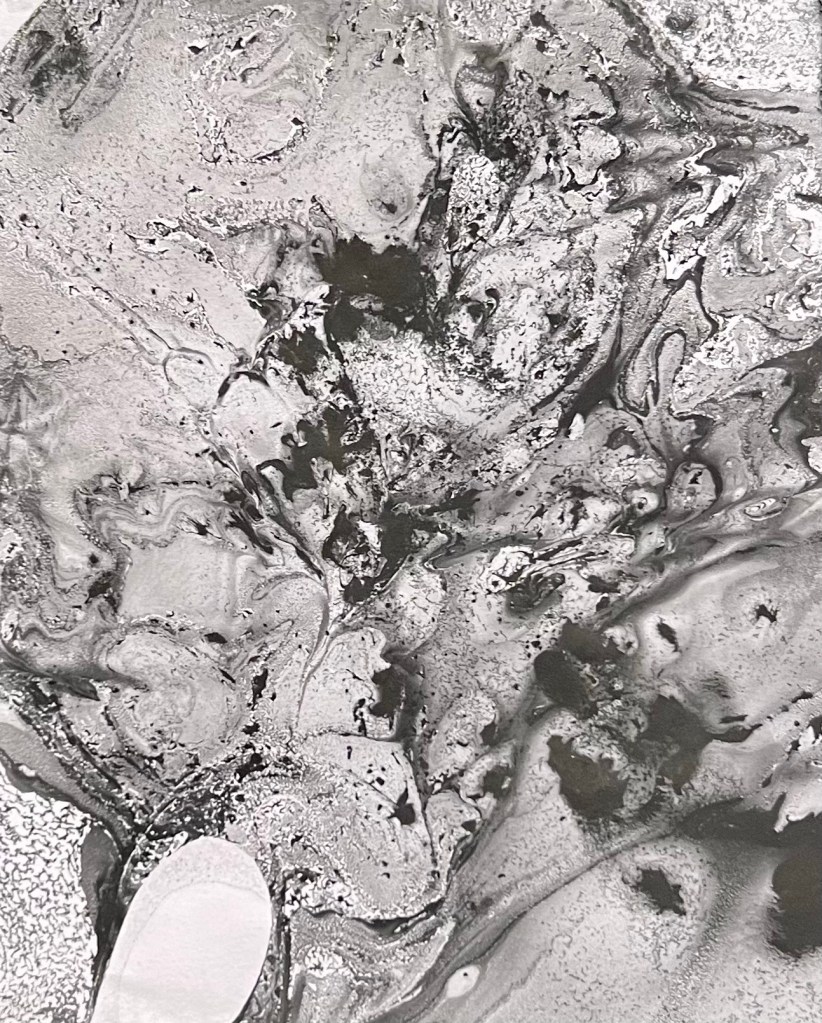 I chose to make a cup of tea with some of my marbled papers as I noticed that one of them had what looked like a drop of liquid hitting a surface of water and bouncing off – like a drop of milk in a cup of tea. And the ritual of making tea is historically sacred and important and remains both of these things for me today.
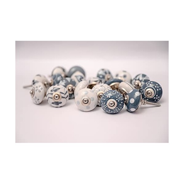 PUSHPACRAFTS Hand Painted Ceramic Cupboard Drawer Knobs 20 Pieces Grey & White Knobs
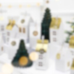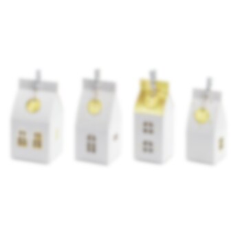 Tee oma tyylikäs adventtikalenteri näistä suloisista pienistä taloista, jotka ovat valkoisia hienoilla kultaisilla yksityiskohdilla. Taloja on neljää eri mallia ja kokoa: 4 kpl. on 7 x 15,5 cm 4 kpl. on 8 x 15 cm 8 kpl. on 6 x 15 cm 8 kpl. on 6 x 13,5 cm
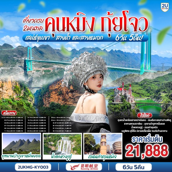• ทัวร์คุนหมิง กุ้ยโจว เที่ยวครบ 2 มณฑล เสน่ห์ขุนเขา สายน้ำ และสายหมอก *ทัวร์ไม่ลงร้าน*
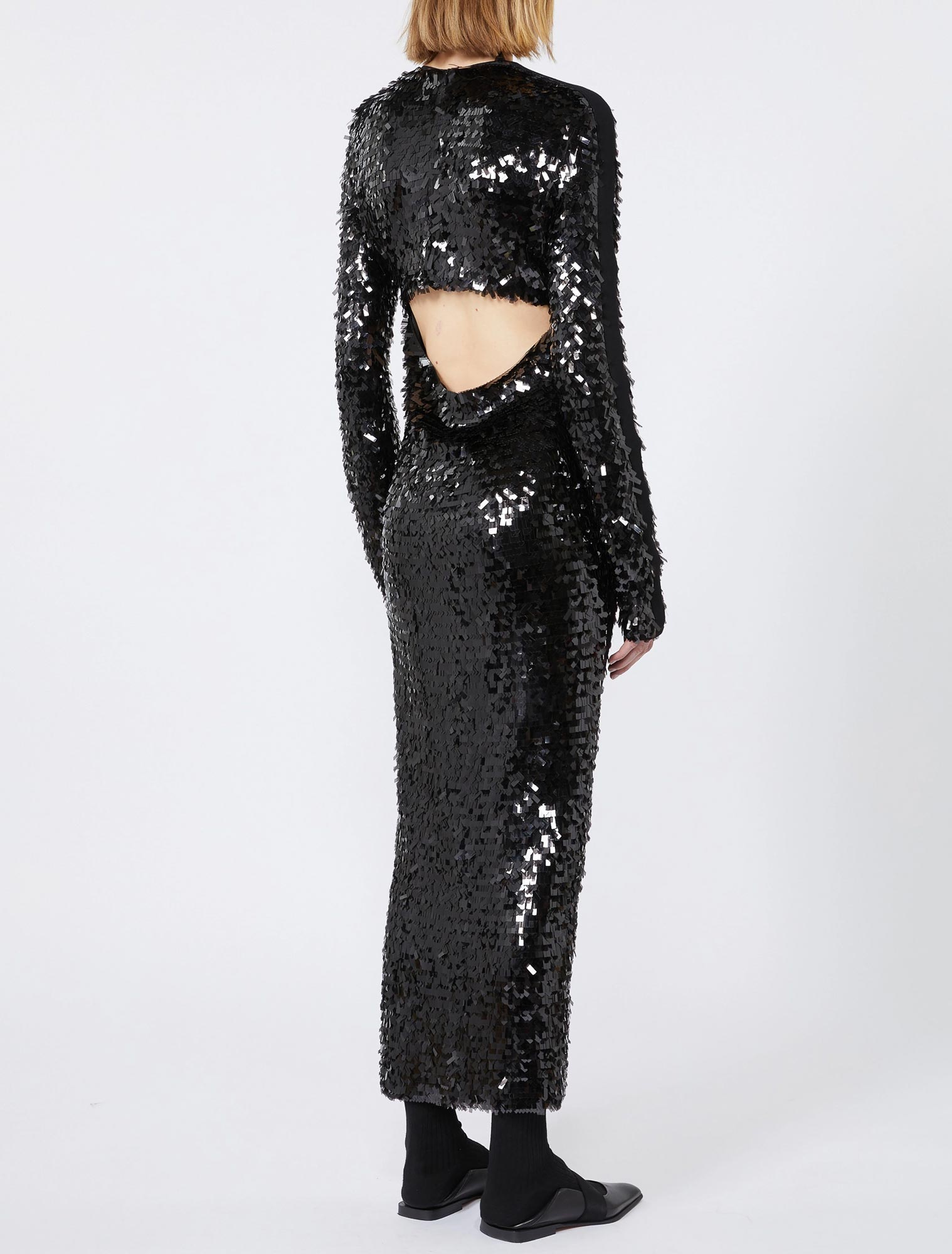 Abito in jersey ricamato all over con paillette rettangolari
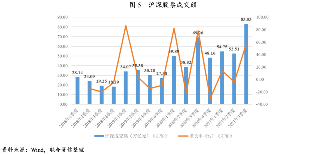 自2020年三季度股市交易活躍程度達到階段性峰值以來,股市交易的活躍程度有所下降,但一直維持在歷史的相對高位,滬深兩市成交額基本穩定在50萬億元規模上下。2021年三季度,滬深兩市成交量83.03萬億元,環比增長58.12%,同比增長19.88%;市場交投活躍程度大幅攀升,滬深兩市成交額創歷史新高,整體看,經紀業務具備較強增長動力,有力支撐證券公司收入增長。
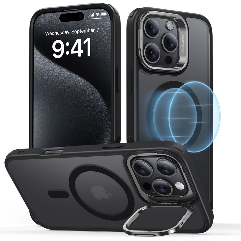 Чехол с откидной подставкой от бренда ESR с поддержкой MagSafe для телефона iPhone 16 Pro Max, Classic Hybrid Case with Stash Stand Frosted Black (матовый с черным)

_Problem to work on_
Copy every record above exactly, leaving out any pictures.

_Result of the exercise_
 I chose to make a cup of tea with some of my marbled papers as I noticed that one of them had what looked like a drop of liquid hitting a surface of water and bouncing off – like a drop of milk in a cup of tea. And the ritual of making tea is historically sacred and important and remains both of these things for me today.
 PUSHPACRAFTS Hand Painted Ceramic Cupboard Drawer Knobs 20 Pieces Grey & White Knobs
 Tee oma tyylikäs adventtikalenteri näistä suloisista pienistä taloista, jotka ovat valkoisia hienoilla kultaisilla yksityiskohdilla. Taloja on neljää eri mallia ja kokoa: 4 kpl. on 7 x 15,5 cm 4 kpl. on 8 x 15 cm 8 kpl. on 6 x 15 cm 8 kpl. on 6 x 13,5 cm
• ทัวร์คุนหมิง กุ้ยโจว เที่ยวครบ 2 มณฑล เสน่ห์ขุนเขา สายน้ำ และสายหมอก *ทัวร์ไม่ลงร้าน*
 Abito in jersey ricamato all over con paillette rettangolari
 自2020年三季度股市交易活躍程度達到階段性峰值以來,股市交易的活躍程度有所下降,但一直維持在歷史的相對高位,滬深兩市成交額基本穩定在50萬億元規模上下。2021年三季度,滬深兩市成交量83.03萬億元,環比增長58.12%,同比增長19.88%;市場交投活躍程度大幅攀升,滬深兩市成交額創歷史新高,整體看,經紀業務具備較強增長動力,有力支撐證券公司收入增長。
 Чехол с откидной подставкой от бренда ESR с поддержкой MagSafe для телефона iPhone 16 Pro Max, Classic Hybrid Case with Stash Stand Frosted Black (матовый с черным)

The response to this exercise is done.